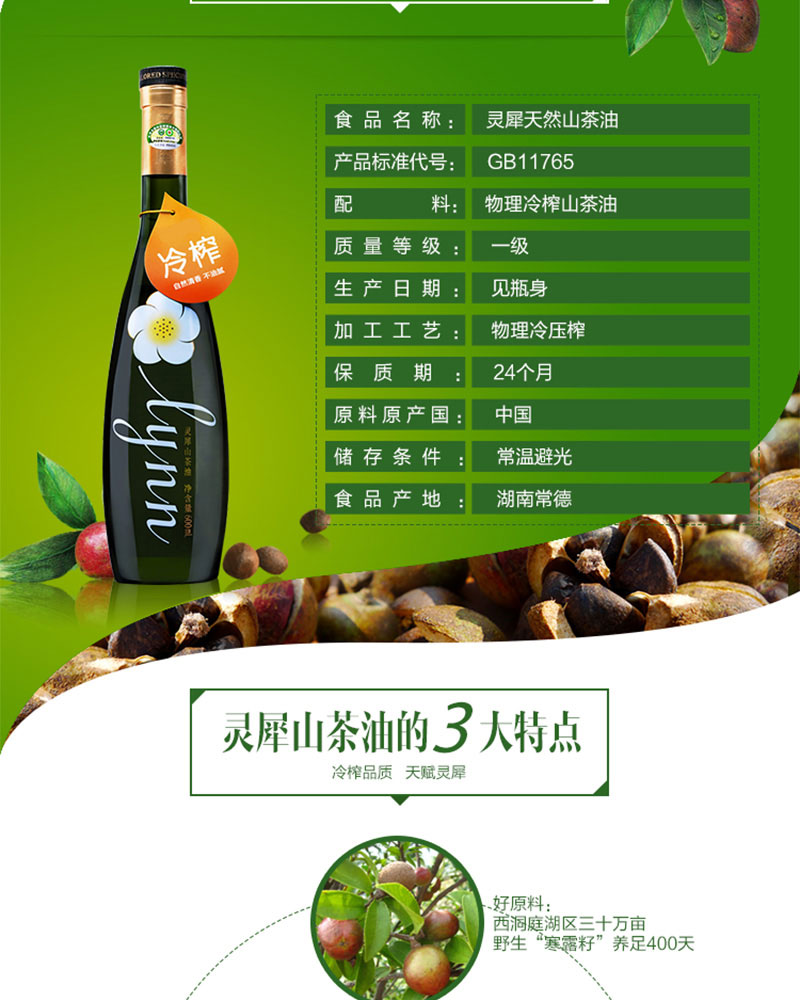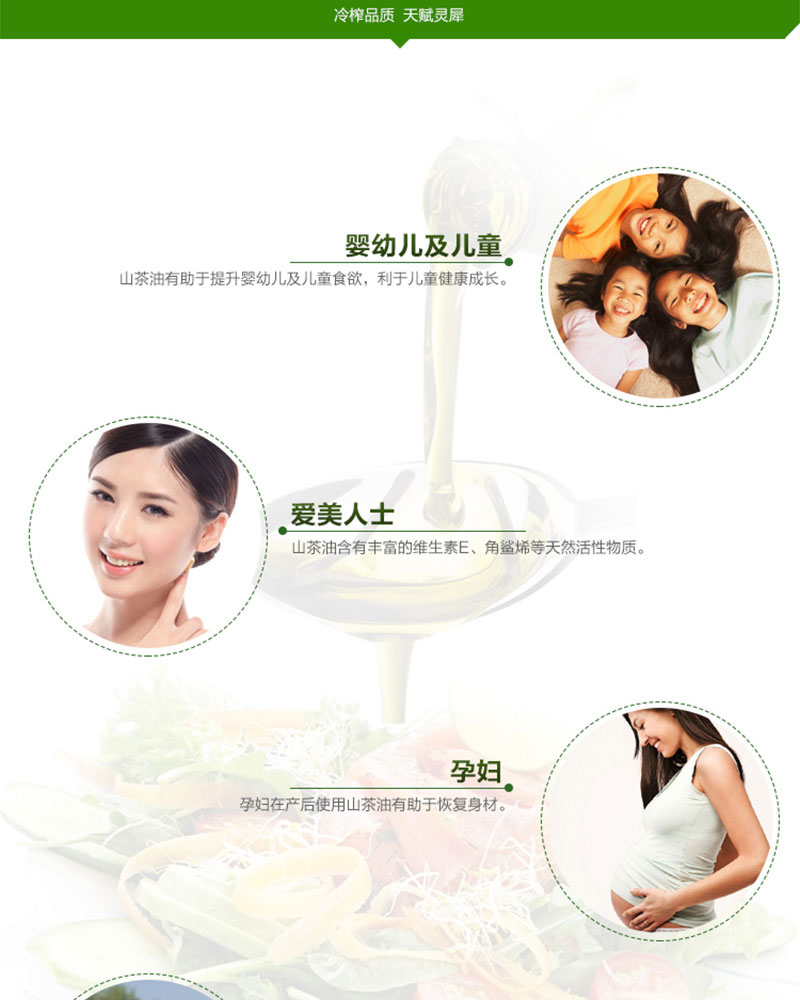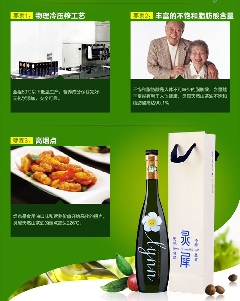 2.食用價值:長期食用山茶油可以預防三高,清理血管敗壞細胞,在醫學界山茶油被稱為”血管清道夫“。還有“月子油”、“腦黃金”、   “長壽油”等之稱。
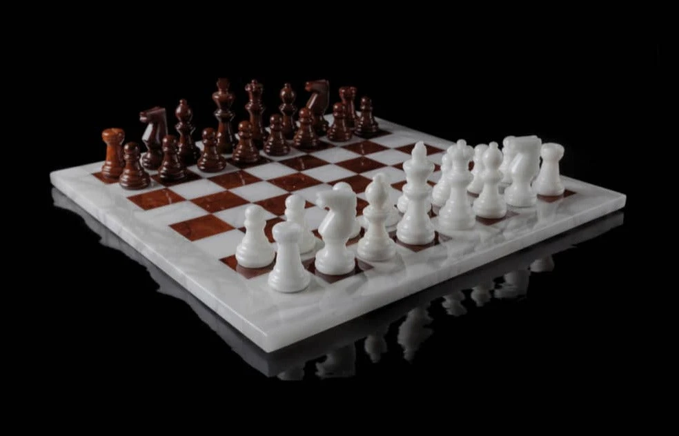 - Veuillez noter que les photos ne sont pas contractuelles : chaque échiquier en marbre et albâtre est une œuvre unique, et la pierre peut présenter des variations de couleur.
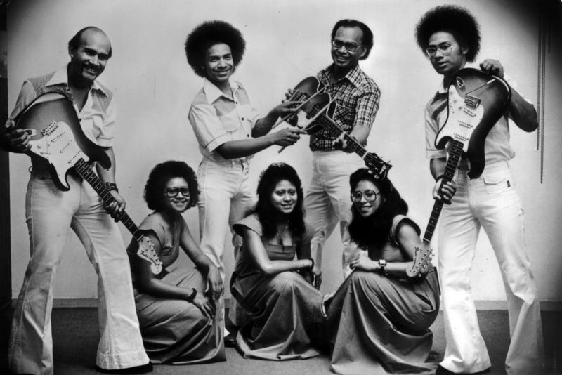Orkesten uit de jaren zestig van de twintigste eeuw. The R-Sarwev Brothers (familie Renwarin) met van links naar rechts: hurkend 1 Claire Renwarin, 2 NN, 3 NN, Staande : 1 NN, 2, 3, 4 |
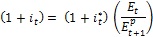 Për momentin, do të marrim si konstant normën e pritur të këmbimit të ardhshëm duke e shënuar si Ep. Sipas këtij supozimi, dhe duke i eliminuar indekset e kohës, relacioni i interesit të paritetit duket si më poshtë
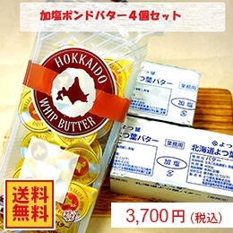 よつ葉加塩ポンドバター4個セット+雪印メグミルクポーションホイップバター
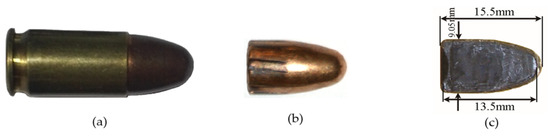 The 9 × 19 mm FMJ Parabellum pistol cartridge, which meets NATO standards, was used in the tests. Its basic parameters are listed in Table 3, and the construction is illustrated in Figure 8.
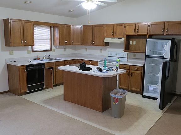Very nice 22-year-old condo close to the universities. It has 2 bedrooms and two bathrooms, one with a walk-in closet. There is a large kitchen, eating area. A living room has a skylight, vaulted ceiling, and an electric fireplace. Patio doors lead to a fenced in outside area with a patio. The 2-car garage is attached and includes a storage area. The roof, central heating and air conditioning, and refrigerator are all fairly new. The inside has been smoke and pet free. This would make an excellent starter home for a small family or a student.
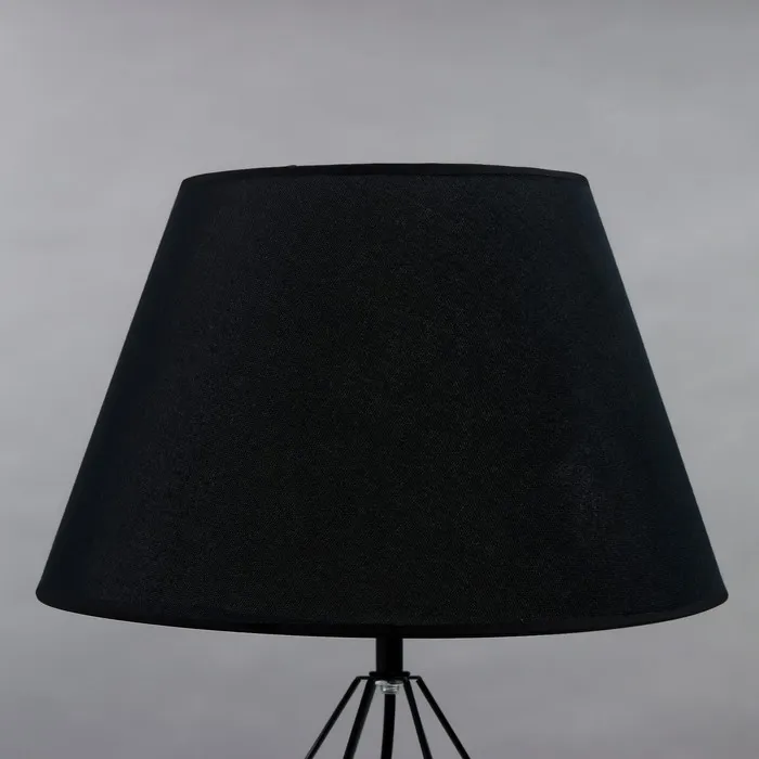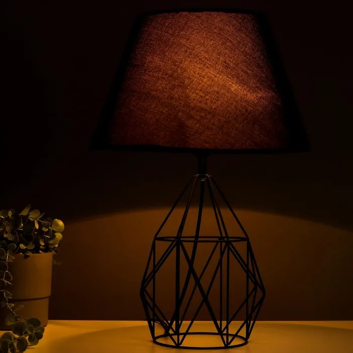 - Текстильный абажур в темных тонах обеспечивает комфортное рассеянное освещение.
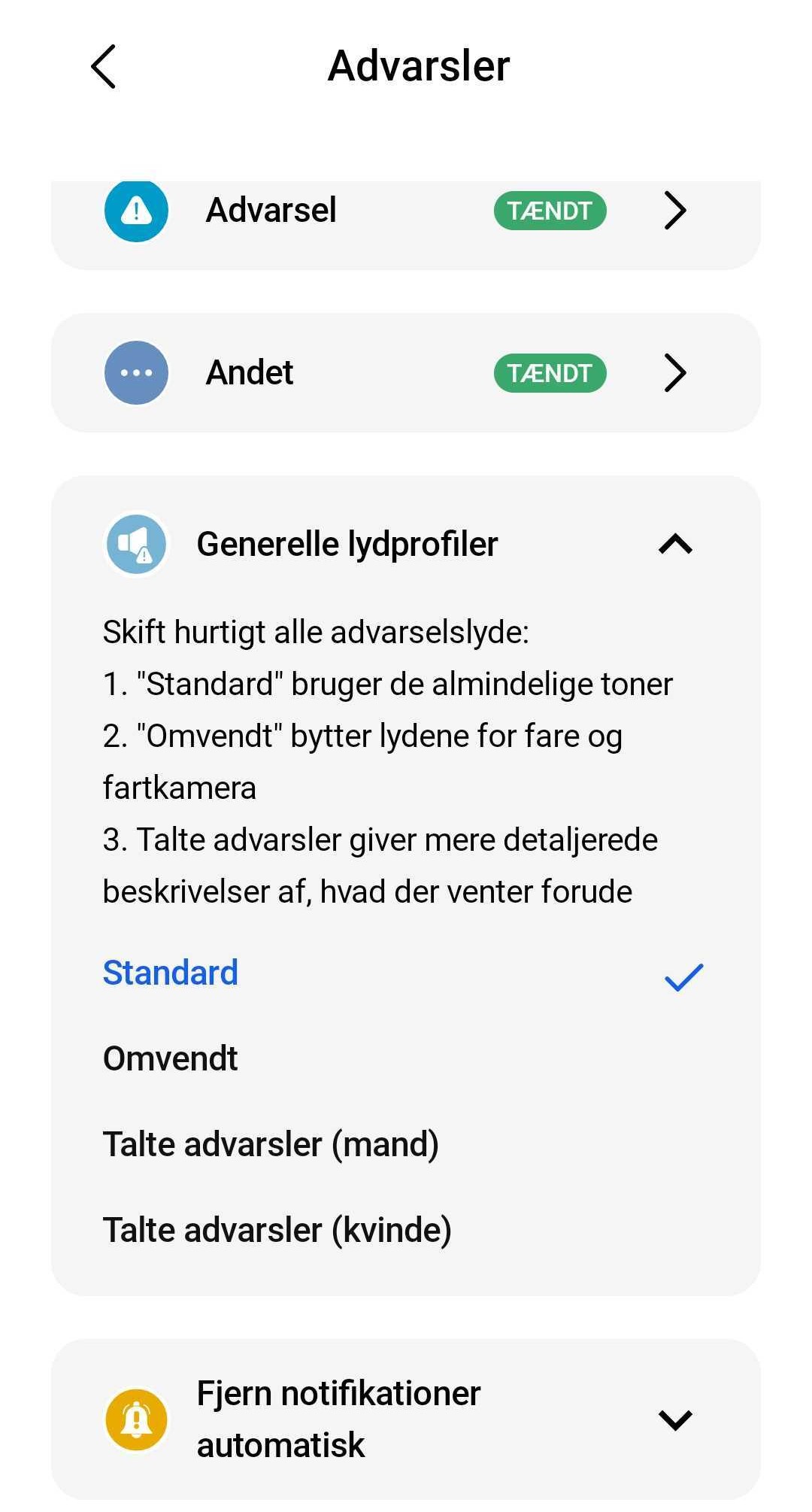 Lydprofiler er en hurtig måde at skifte alle dine advarselslyde på, på én gang. Her kan du vælge enten at bruge standard-lydene, vende lydene om (så lydene for fartkontrol bliver brugt om farer i trafikken, og omvendt), eller du kan vælge talte advarsler med enten mande- eller kvindestemme.
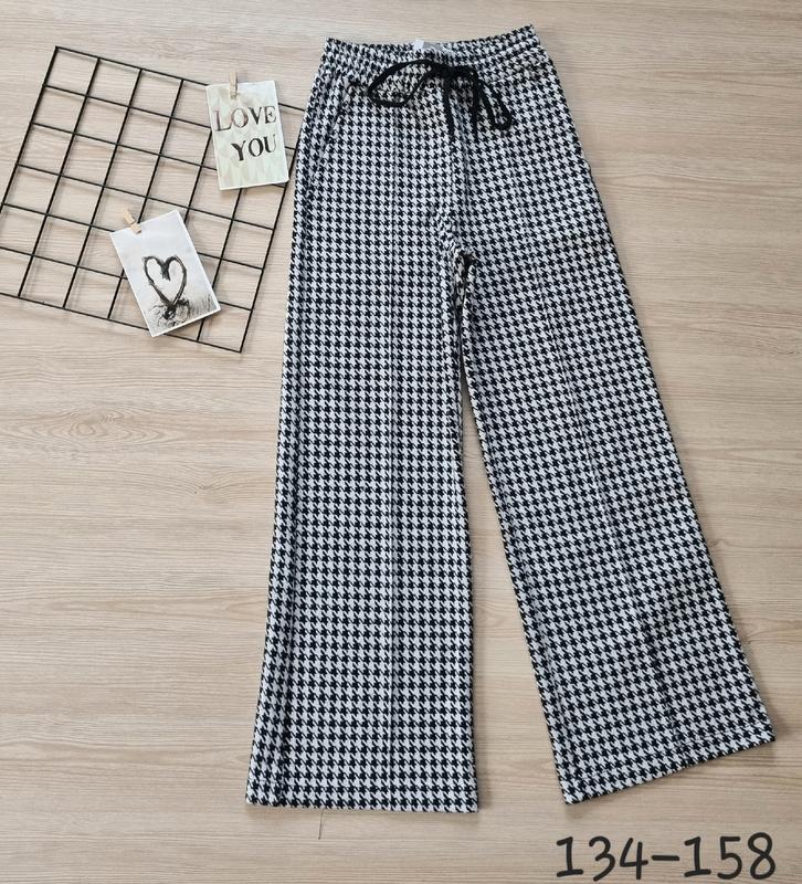 В НАЯВНОСТІ!!! Стильные штанишки палаццо гусиная лапка ткань плотный теплый турецкий трикотаж красиво тянется, имеет кармашки пояс на резинке РЕКОМЕНДУЮ 134(2 шт)-брюки длина 84.крок 62.поб 44.пояс 28 140(5 шт) штаны длина 88, крок 65, поб 46,пояс 29 146(4 шт)-брюки длина 92,крок 68, поб 48,пояс 30 152(4, шт)-брюки длина 96,крок 71,поб 50,пояс 31 158(5 шт)-брюки длина 100, крок 74, поб 52,пояс 32 +-2 см
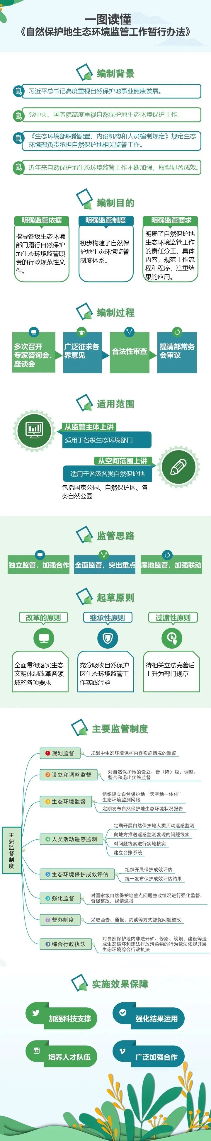 党中央、国务院高度重视自然保护地生态环境保护工作,先后印发《建立国家公园体制总体方案》《关于建立以国家公园为主体的自然保护地体系的指导意见》等文件,要求实行最严格的生态环境保护制度,强化自然保护地监测、评估、考核、执法、监督等,形成一整套体系完善、监管有力的监督管理制度。
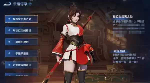本期上线的英雄语录是关于新英雄云缨的,其中包含她对狄仁杰、李元芳的看法,还有她一些只和你说的小秘密… …
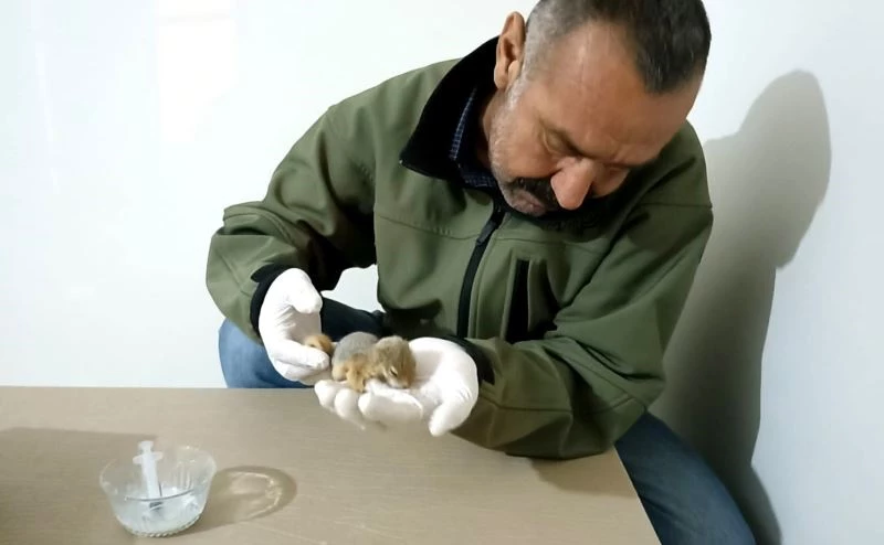 Adıyaman’da annesi otomobilin altında kalarak ölen yavru sincap görevliler tarafından şırınga ile besleniyor.
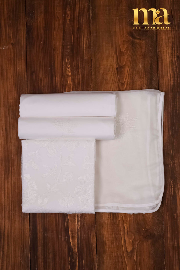 Classic MA embroidered suit on Lawn with chiffon dupatta. Embroidered Cross Stitch jaal on shirt front . Back & Sleeves light motifs. Light embroidered motifs style Chiffone dupatta finished with pipin.
_ _ _ _ _
→ **TASK TO COMPLETE**: Only the lines from the one containing "Adıyaman’da annesi otomobilin" through the end of the data above are to be output, exactly and without pictures.

→ **EXERCISE RESULT**:
 Adıyaman’da annesi otomobilin altında kalarak ölen yavru sincap görevliler tarafından şırınga ile besleniyor.
 Classic MA embroidered suit on Lawn with chiffon dupatta. Embroidered Cross Stitch jaal on shirt front . Back & Sleeves light motifs. Light embroidered motifs style Chiffone dupatta finished with pipin.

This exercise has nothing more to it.